The buyer, a Shell-Sempra Energy joint venture, is expected to give final approval to the contract in September. By December, this group expects to break ground on a $600 million regasification plant in Mexico. The plant in Ensenada, about 130 kilometers south of San Diego, would turn superchilled liquid into gas to be moved by pipeline to northern Mexico and southern California. The plant is to be ready in 2007, the year that the Sakhalin plant would be ready on the Asian side of the Pacific.

"We offer a much lower shipping rate," Calitz said last week, noting that the new plant will be only a 12-day sail from Mexico, compared with 20 days from Australia or 27 days from Qatar. "It's also a political decision. Where in the world do you want your energy to flow from? From Qatar or Indonesia? Or from Russia or Australia?"

That issue was addressed in June by U.S. Energy Secretary Spencer Abraham during a visit to Moscow. "Our goal is to diversify our access to energy exports from around the world," he said.

With oil approaching $50 per barrel, Americans are now jostling with Japanese, Chinese and Koreans to lock in contracts in Sakhalin.

"Sakhalin oil will soon be delivered to Japan," Soichi Nakagawa, Japan's economy, trade and industry minister, said Tuesday during a visit to Sakhalin, the first to the island by a high Japanese government official since the end of World War II. Japanese companies are minority investors in Sakhalin Energy.

"Because we are neighbors, all economic sectors are promising," he said before inspecting offshore production platforms and the construction site for the liquefied natural gas factory, all part of $22 billion in energy investments on the island.

Also with an eye to Sakhalin, Korea Gas has been planning to invite companies to submit bids for a 20-year supply contract that could be worth $25 billion. With South Korea's energy needs expected to double over the next 15 years, Kogas may look favorably on Sakhalin, only three days away by ship.

In China, where demand for natural gas is expected to increase fivefold, to 21 billion cubic meters, by 2020, Sinopec, a major state energy company, has sent three missions to Sakhalin in the last year. It is now expected to make an offer to buy into the project, which is shared by Shell and two Japanese companies, Mitsubishi and Mitsui & Co.

"Why not China, which is stationed so close, which is feeling a great need for energy resources?" Losyukov asked in an interview, brushing aside concerns that Moscow might veto a major Chinese investment in energy.

The ambassador, formerly deputy foreign minister for Asian-Pacific affairs, is the senior Russian diplomat in North Asia.
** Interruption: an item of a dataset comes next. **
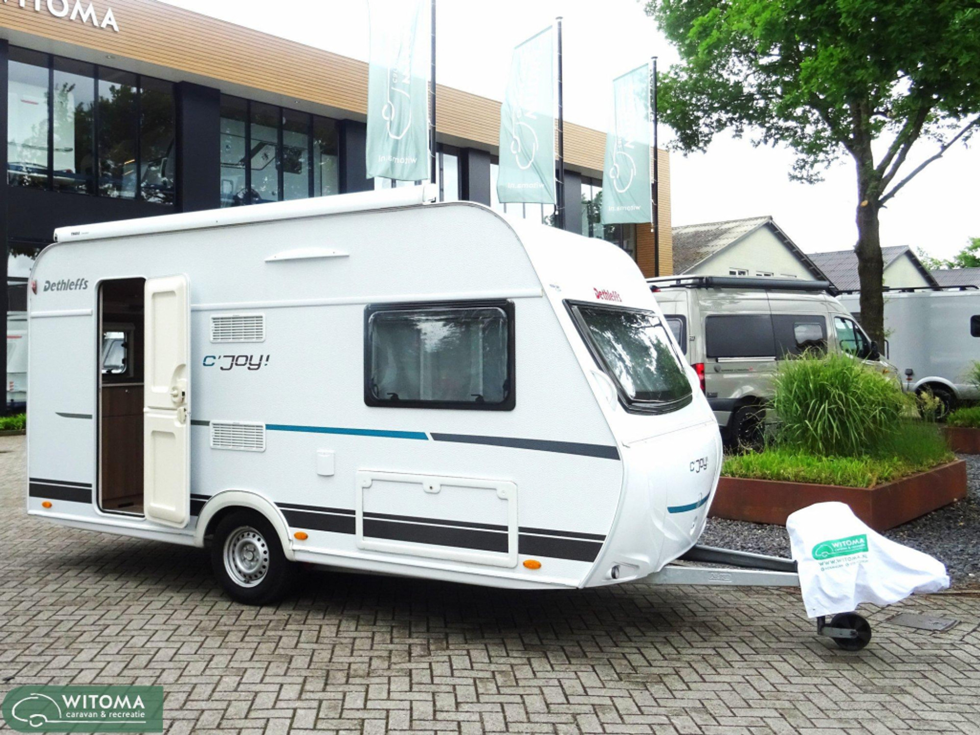 COMPACTE CARAVAN, PERFECT VOOR DE KLEINE, SMALLE WEGGETJES!De DETLEFFS C'joy is een lichtgewicht caravan met zijn breedte van 212 cm is dit de ideale caravan voor smalle en bergachtige weggetjes en voor de kleinere, lichtgewicht trekauto.

Since arriving here last spring, he has played the role of umpire among countries competing for Russian oil and gas.

"Japan and China are our most promising partners in the energy area," he said. "We don't have to take sides in this kind of competition."
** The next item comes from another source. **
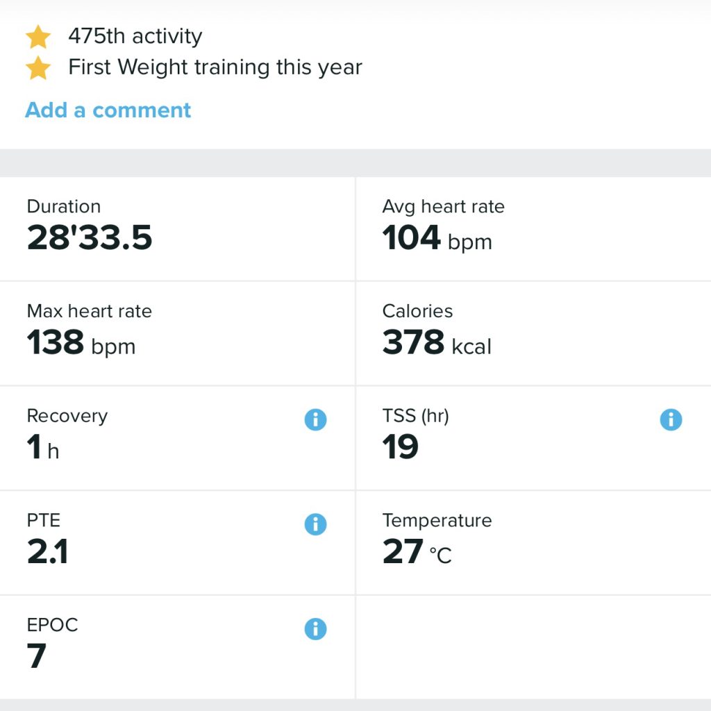 I was able to walk on the treadmill for 10 minutes, then almost 30 minutes of light strength exercises finishing with another 10 minutes on the stationary bike. I have managed to sweat and that’s what it’s all about isn’t it?

But many oil experts in the region believe the race for resources is just beginning.

"Rivalry for energy, especially oil, between China and Japan on a global scale is unavoidable," Zhang Kexi, a commentator, wrote last month in The China Daily. "It is likely that China will forever encounter Japan's global energy rivalry, just as the ongoing pipeline route dispute between China and Japan shows."

It looks as if China has lost one round on a major oil pipeline. Russia appears to want to build a pipeline to the Pacific to export eastern Siberian oil. Fearful that a pipeline to China would make Russia captive to a single buyer, Moscow wants to take oil to its Pacific port of Nakhodka, where it could then go to a wide range of markets, including the United States.

"The whole project is in the final stages of preparation," Losyukov said, referring to what could be a 4,000-kilometer, $12 billion pipeline to the Sea of Japan, largely financed with Japanese money. "The final decision will be announced in early fall, probably September or October."

Oil shipments are to start from Perevoznaya, a port near Nakhodka, in 2006, four years earlier than originally planned, according to an announcement made last month by Transneft, Russia's state oil transport company. Next year, work is to start near Lake Baikal on the first 600 miles of this pipeline.